My mom told me, early on (I'm one of 8 kids, so.. even though.. I had more resentments towards my mom than appreciation, since I became mom myself, the resentments are going away and I feel huge appreciation towards her.. and admiration really.. thinking.. how the hell did she do it.. anyways.. back to my point) if the baby wakes up at night, don't try to let him play, so he will get tired again. He has to learn, that at night it's time to sleep. Don't turn the light on, don't play. So.. I did.. and I was even telling him at some point - it's night, we are sleeping at night, so.. we are going to sleep.. He woke up like this several times at the beginning of our "learning journey together".. But I was determined and consistent.. and We have pretty good nights.. At the same time, all kids are different, right? So.. If I'll have another one, I might update what will I do.. haha.

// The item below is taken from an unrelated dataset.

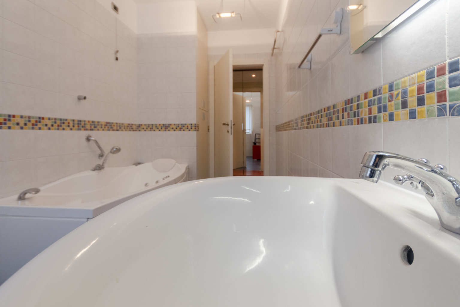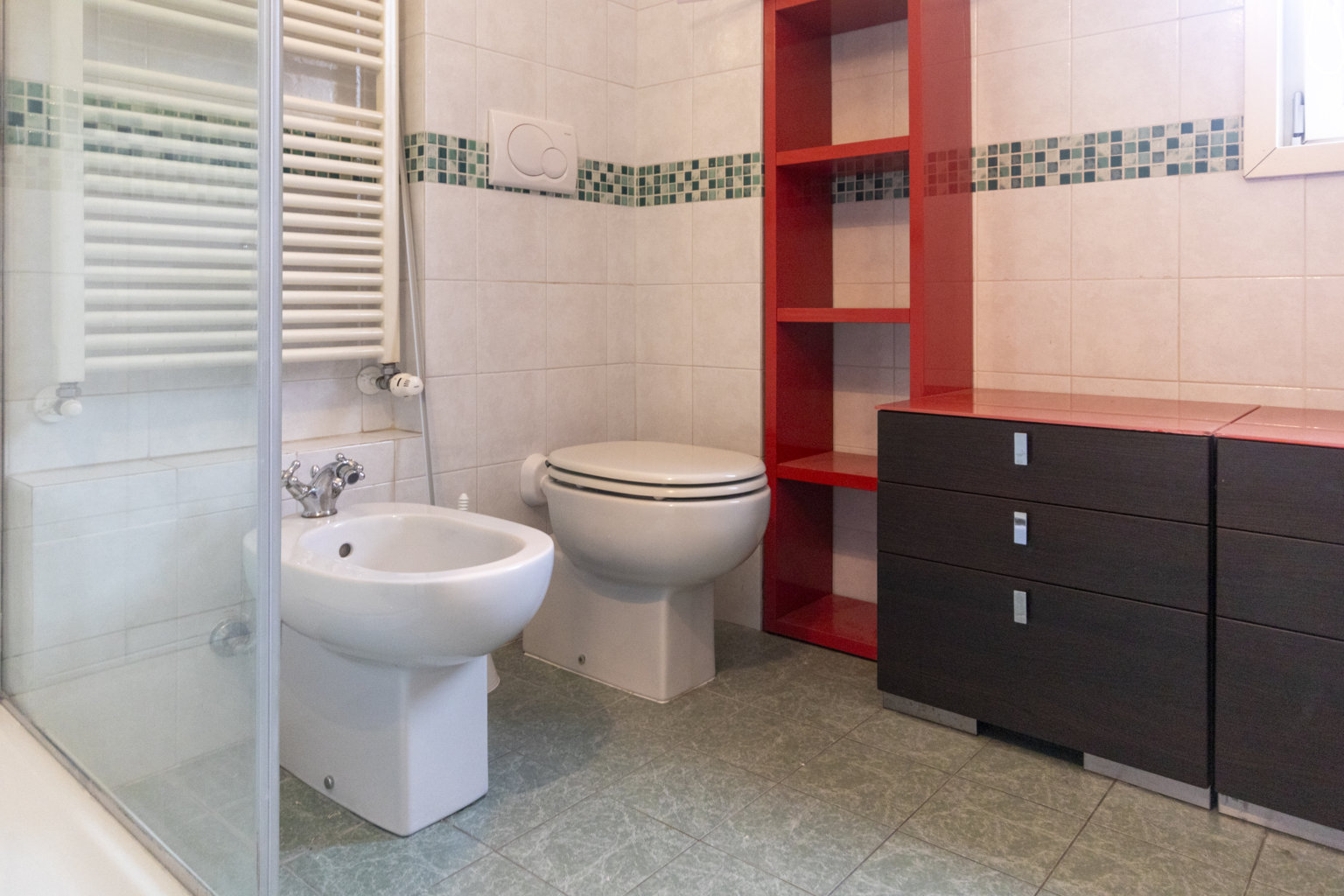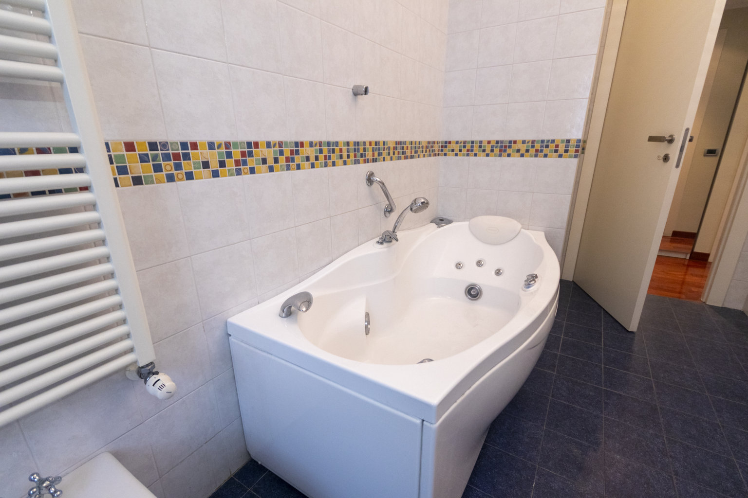 Entrambi i bagni, rivestiti in ceramiche di pregio, offrono un’oasi di benessere: uno dotato di lussuosa vasca idromassaggio, l’altro con moderna doccia. Il sistema di riscaldamento a pavimento, diffuso in tutta la casa, assicura un comfort termico ottimale (esclusi i bagni, serviti da pratici scalda salviette). L’efficienza è completata dall’impianto di aria condizionata canalizzata (appena rifatto) e da un impianto di rilevazione incendi (anch’esso nuovo).

The first 3 months were the hardest so far, I would say. Because it's a whole process of getting to know each other. I guess, that's another thing, that not so many parents will tell you or admit, unless you have your own kid.. You love the kid, because it's your baby, there is an instinct to protect the little one.. But.. as it is with any relationship, you have to get to know this little person first, to fall in love with them more and more. And that is my experience so far. I must say, I love him more and more..
On the other hand, when I'm refreshed, had a good sleep and everything is good, I have so much patience and I feel, that I can do anything.. On the other hand.. if I didn't have a good sleep, the level of my patience just dramatically decreases and even his noises that he makes, when he wants me to pick him up, or just showing some discomfort drive me crazy..
When to find time for myself and on top of that for my business? It's tough. I have a wonderful husband, who helps me with the baby a lot. But he has to go to work and so I'm left alone with the baby and he comes home around 5 or 6, I'm trying to make a dinner, clean up a little, he is playing with the little one.. He also has to do some school work (because of his job), pays the bills and another things.. Well.. let me tell you, it's not easy at all.
And we live in an intentional community, so my roommates can help out a little sometimes - even just by holding Eli, so I can eat, go to the bathroom or take a shower. It's still a struggle for me to ask for help.. I'm trying.. and I'm doing my best...
Right now, my baby is asleep, so I'm able to write this blog post. Because.. magically.. he is ok, when I'm in room with him. I can do anything from cleaning, folding laundry, cooking etc., but not doing anything on my computer..
As soon as I sit down to do something on my computer, he is immediate trying to get my attention.. Why oh why...
Well, this is it for today, because he is waking up. I will write more hopefully every week.